*** Opening Extracted material ***

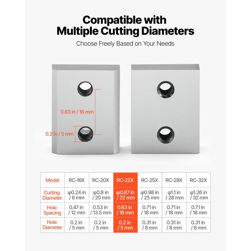 VEVOR 6 Pcs Rebar Cutter Blades for 7/8Inch 22mm #7 with Screws Spring Washers<br/>Cr12MoV Steel Material<br/>Easy to Replace<br/>Rich Install set<br/>Wide Application<br/>Precise Cutting<br/>Super-Sharp Cutting Edge<br/>Item Dimensions (L x W x T): 1.1 x 0.8 x 0.4 in / 28 x 20 x 10 mm,Item Model Number: RC-22X,Quantity: 3 Pairs,Hole Diameter: 0.63 in / 16 mm,Net Weight: 0.4 lbs / 0.18 kg,Main Material: Cr12MoV
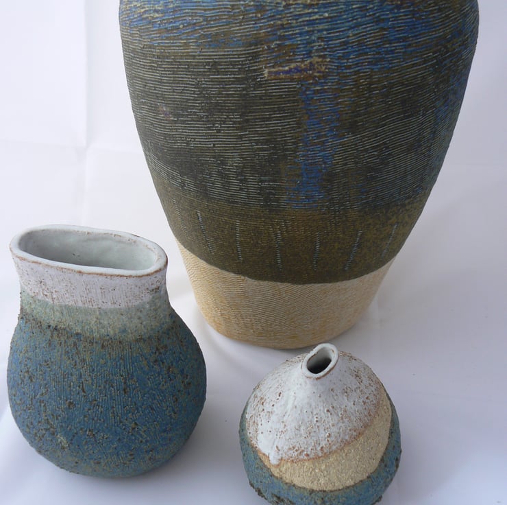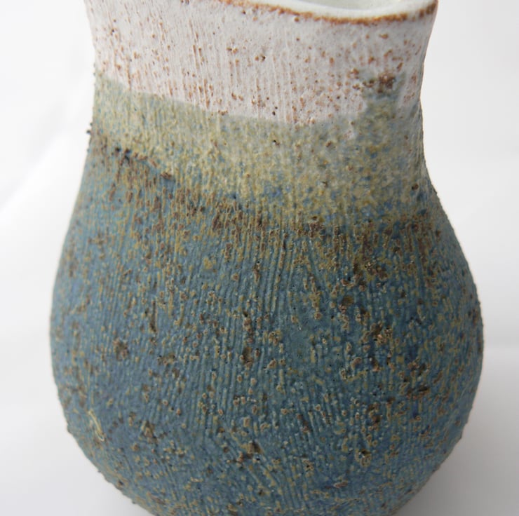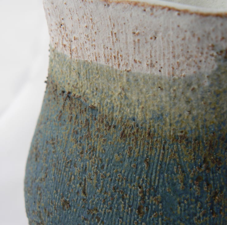A hand built ceramic clay vessel made from stoneware fired grogged clay. Finished with dry white and blue glazes with a slightly ochre colour where they have overlapped.
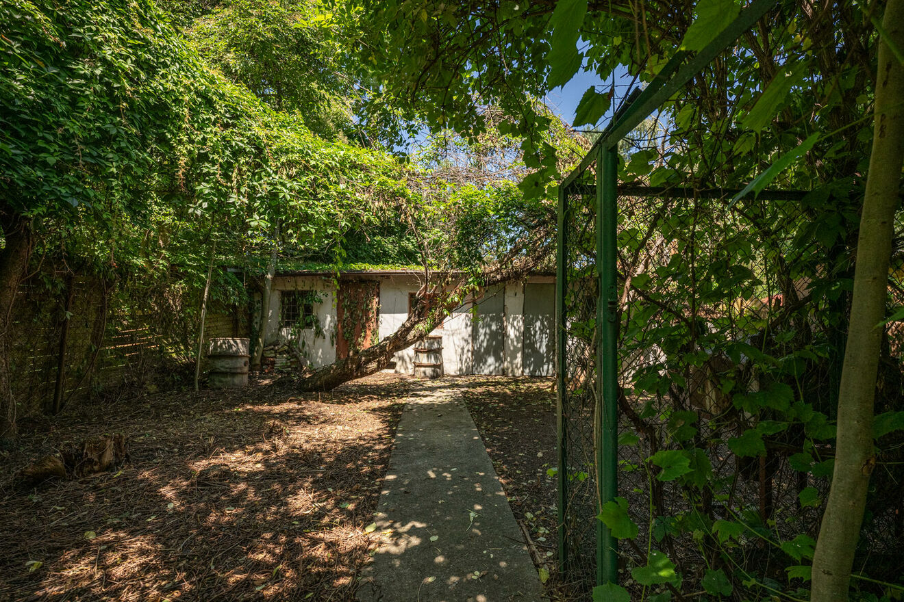 Dom jest podpiwniczony (wysokość ok.2,15 m), z przejezdnym garażem w bryle budynku oraz dodatkowymi miejscami na podjeździe. Posesja jest ogrodzona z przodu wysokim betonowym murem porośniętym zielenią, a w pozostałych częściach siatką.
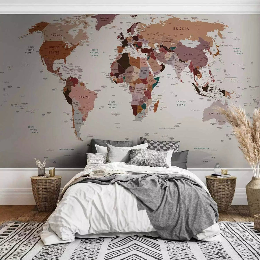 Valokuvatapetti maailmankartalla neutraaleilla väreillä englanniksi, 64360
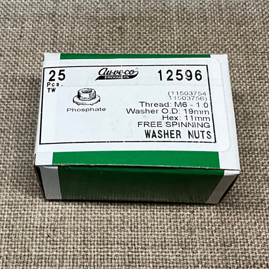 25 Pc Auveco 12596 Free Spinning Washer Nut M6-1.0 6mm O.D. 19 mm Hex 11 mm
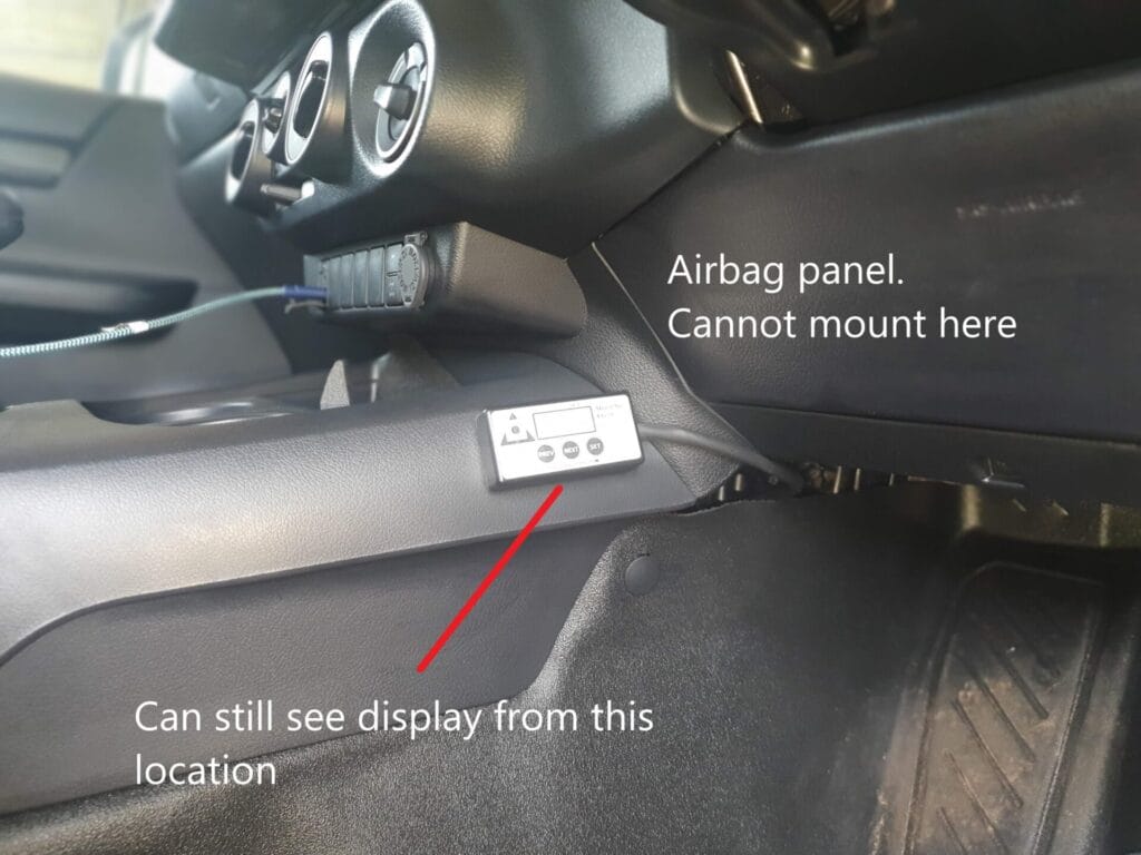 Drill a hole in the RHS of the 12V/ Aux panel, fit a grommet and run the display cable through the hole. (A black panel plug will cover the hole should you ever wish to remove it). I opted to shorten and tin all the cables and used the smallest connector block available to make all the connections including the beeper. I lengthened the beeper wire and fixed it on the underside of the dash using a velcro dot.
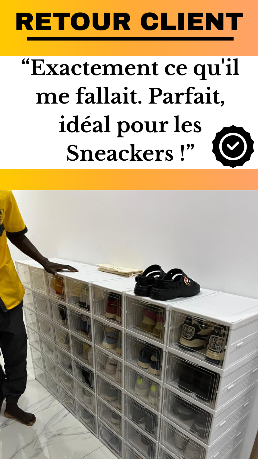Avant, mes paires prenaient la poussière même quand je les portais rarement. Maintenant, avec ma SneakBox®, elles restent nickel, propres et bien protégées tout le temps 😍
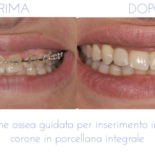 In casi selezionati è possibile anche eseguire l’intera ricostruzione in poche ore. Questa tecnologia state-of- the-art impiega una tecnica di chirurgia virtuale sulla base di dati di scansione provenienti da una TAC di ultima generazione. Questi dati vengono utilizzati per creare delle guide chirurgiche con una prototipazione 3D rapida. Queste dime vengono utilizzati per guidare gli impianti durante il posizionamento in modo rapido e preciso a tal punto da non richiedere di alzare un lembo. Elementi dentari prefabbricati possono essere inseriti sugli stessi impianti immediatamente. L’intera procedura di solito dura meno di un’ora: si tratta di una procedura chirurgica minimamente invasiva e senza suture, i pazienti mostrano molto poco gonfiore e disagio, ed apprezzano la funzione e l’estetica dal momento in cui gli impianti sono inseriti.
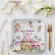 Présentez notre plaque de papier de fête d'anniversaire de fées magiques Purple Garden sur mesure! Avec de jolies fées violettes, des maisons de champignons roses et des papillons, cette assiette de papier fête d'anniversaire est à la fois amusante et ludique et apporte charme et enchantement à toute fête!
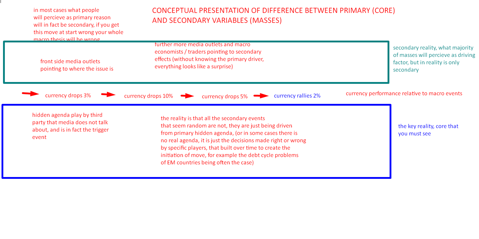Understanding this core mechanism is absolute key to understand the global movements not just in political sense but in sense that relates to anything that eventually touches global capital markets and eventually impacts the way global financial assets trade, especially FX currencies. The currency at its core is reflection of internal decisions of country and the co-existance in world or measured response from outside countries in relation to it. This weights on currency a lot more than just traditional economic variables.
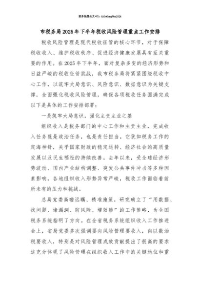 【七哥公文】2025年:【七哥公文】市税务局2025年下半年税收风险管理重点工作安排+更多免费公文+VX:QiGeGongWen2024+更多免费公文+VX:QiGeGongWen2024
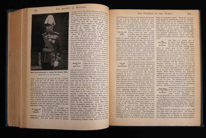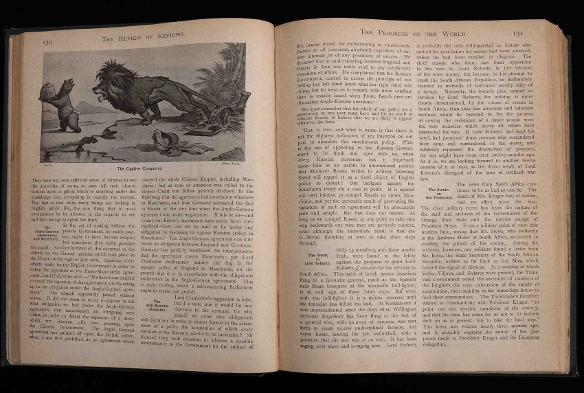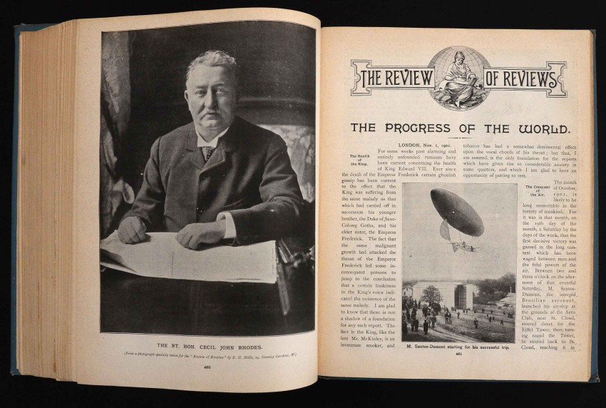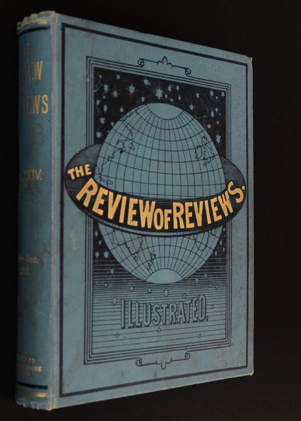 The Review of Reviews was a noted family of monthly journals founded in 1890-1893 by British reform journalist William Thomas Stead (1849 - 1912). Established across three continents in London (1891), New York (1892) and Melbourne (1893), the Review of Reviews, American Review of Reviews and Australasian Review of Reviews presented Stead's dream of a global publishing empire. Stead had previously been editor of the Pall Mall Gazette. He was a controversial character, profuse writer and is said to have written most of the Review of Reviews himself - a remarkable feat as the periodical contains a huge variety of material from biographical and historical to literary and current affairs. Stead was a feminist and friend of Olive Schreiner and published several of her writings. He was also a Boer sympathiser in the Anglo-Boer War.
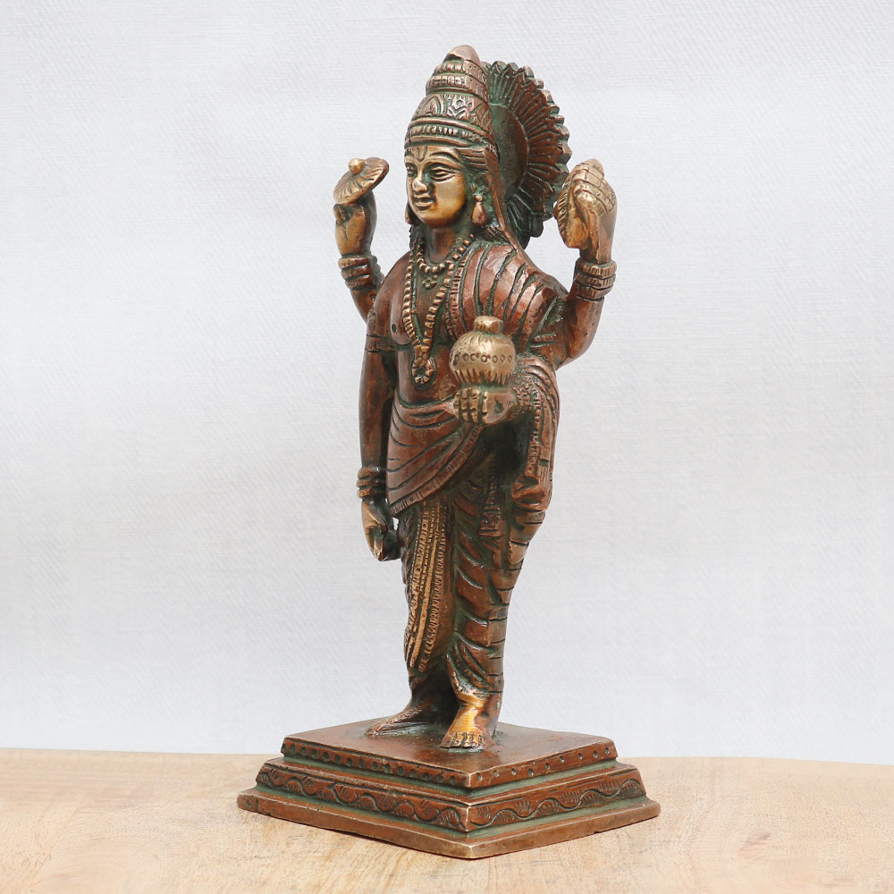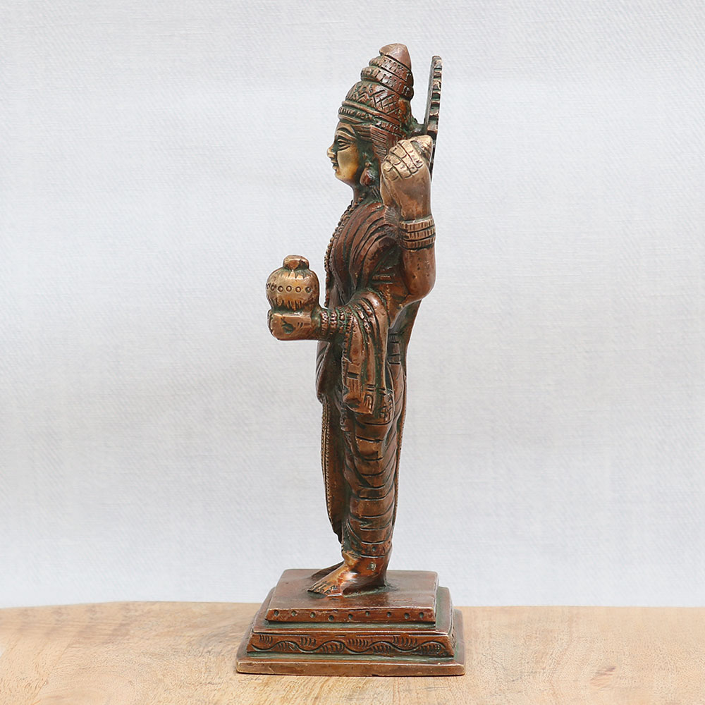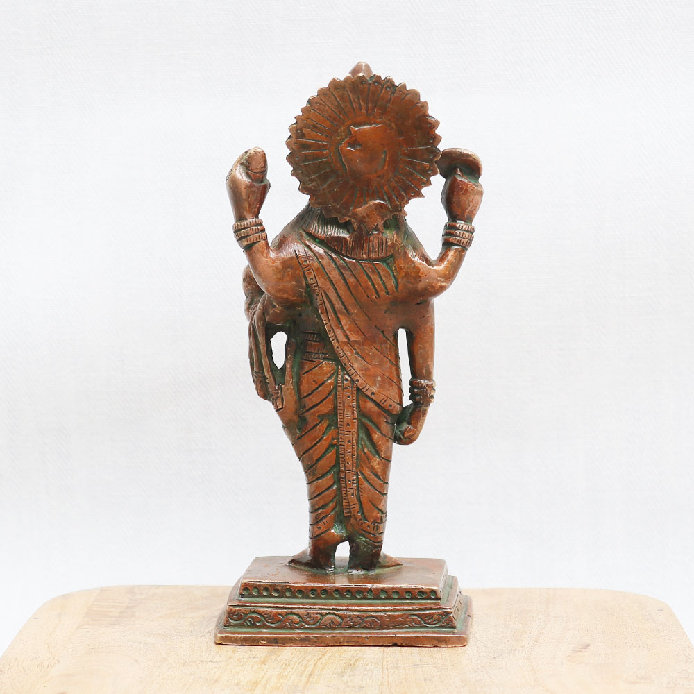 Buy a bronze statue of Lord Dhanvantari who is the revered physician of the devas in Hinduism and an esteemed avatar of Lord Vishnu. This god sculpture boasts a stunning antique brown finish, showcasing the intricate craftsmanship and attention to detail. Handmade by skilled Indian artisans using high-quality bronze, this statue adds an aesthetic touch to any interior decoration, radiating divine grace. Worshipped in numerous temples, this idol of god holds great significance in Hindu rituals and can be placed in your personal temple for worship. Additionally, it serves as a magnificent decorative piece for your home, office, cafe, restaurant, gym, or hotel temple. The presence of this captivating statue creates an aura of spirituality and tranquillity. Furthermore, this bronze idol makes for an auspicious gift on special, festive, or auspicious occasions. Show your loved ones your heartfelt devotion by presenting them with this divine treasure. With the convenience of purchasing idols online, you can now embrace the divine energy of Lord Dhanvantari and elevate the ambiance of your sacred space.
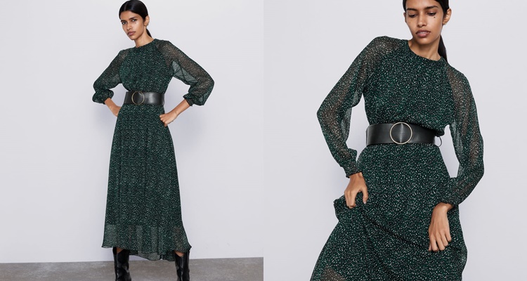 Mango también ha traído para esta temporada otoño invierno un vestido verde largo realmente bonito. Tiene un precio de 39,95 euros y demás incluye un cinturón ancho de cuero negro con gran hebilla para ceñir el vestido.
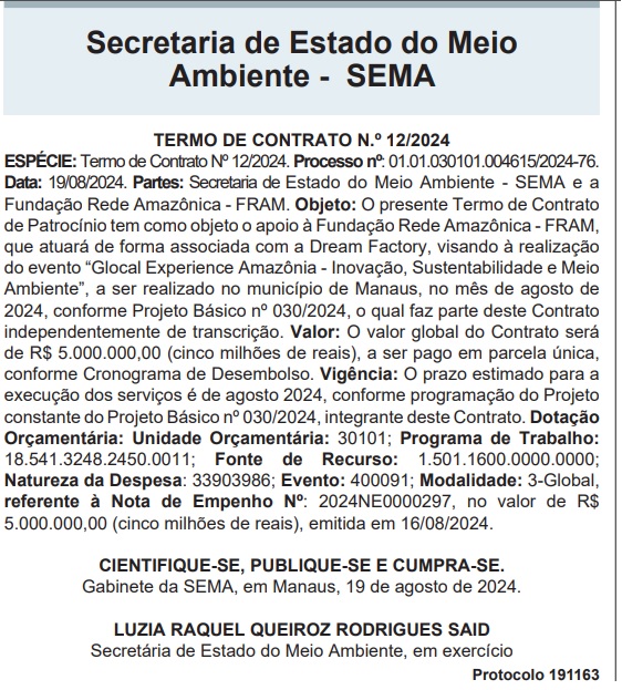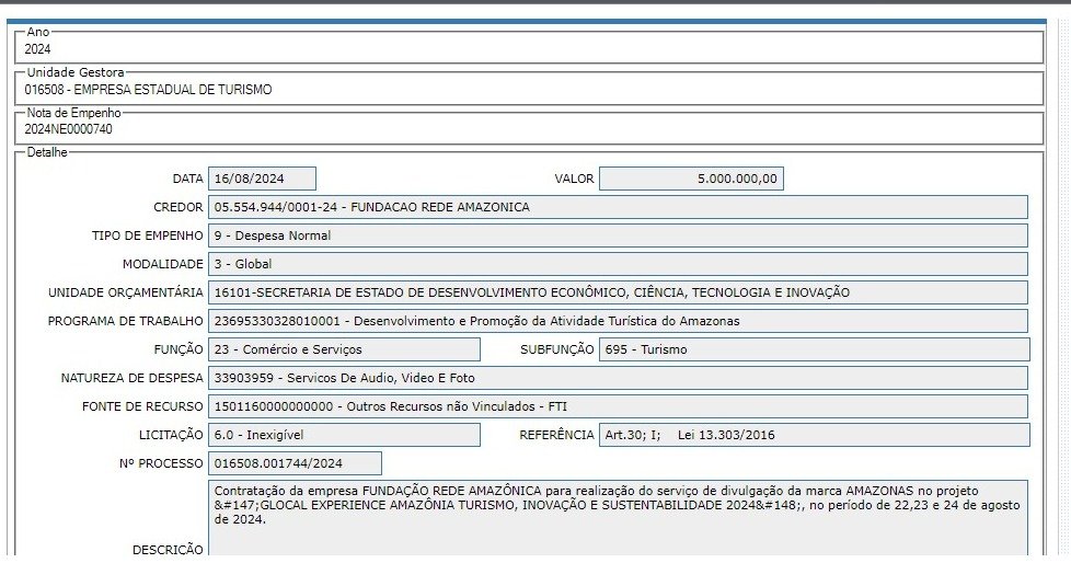 Enquanto destinou apenas R$ 23 mil para o combate às queimadas no Amazonas, o governo do estado, por meio da Secretaria de Estado do Meio Ambiente (SEMA) destinou nada menos do que R$ 5 milhões em contrato de patrocínio para o evento “Glocal Experience Amazônia – Inovação, Sustentabilidade e Meio Ambiente”, da Fundação Rede Amazônica (FRAM). No total, foram investidos em dinheiro público cerca de R$ 18 milhões.

*** Closing Extracted material ***

▶ _Goal of the exercise_
Set the pictures aside and reproduce exactly the lines above, from the line holding "Valokuvatapetti maailmankartalla neutraaleilla" through the line holding "Drill a hole", both included, with nothing else.

▶ _Reply to the exercise_
 Valokuvatapetti maailmankartalla neutraaleilla väreillä englanniksi, 64360
 25 Pc Auveco 12596 Free Spinning Washer Nut M6-1.0 6mm O.D. 19 mm Hex 11 mm
 Drill a hole in the RHS of the 12V/ Aux panel, fit a grommet and run the display cable through the hole. (A black panel plug will cover the hole should you ever wish to remove it). I opted to shorten and tin all the cables and used the smallest connector block available to make all the connections including the beeper. I lengthened the beeper wire and fixed it on the underside of the dash using a velcro dot.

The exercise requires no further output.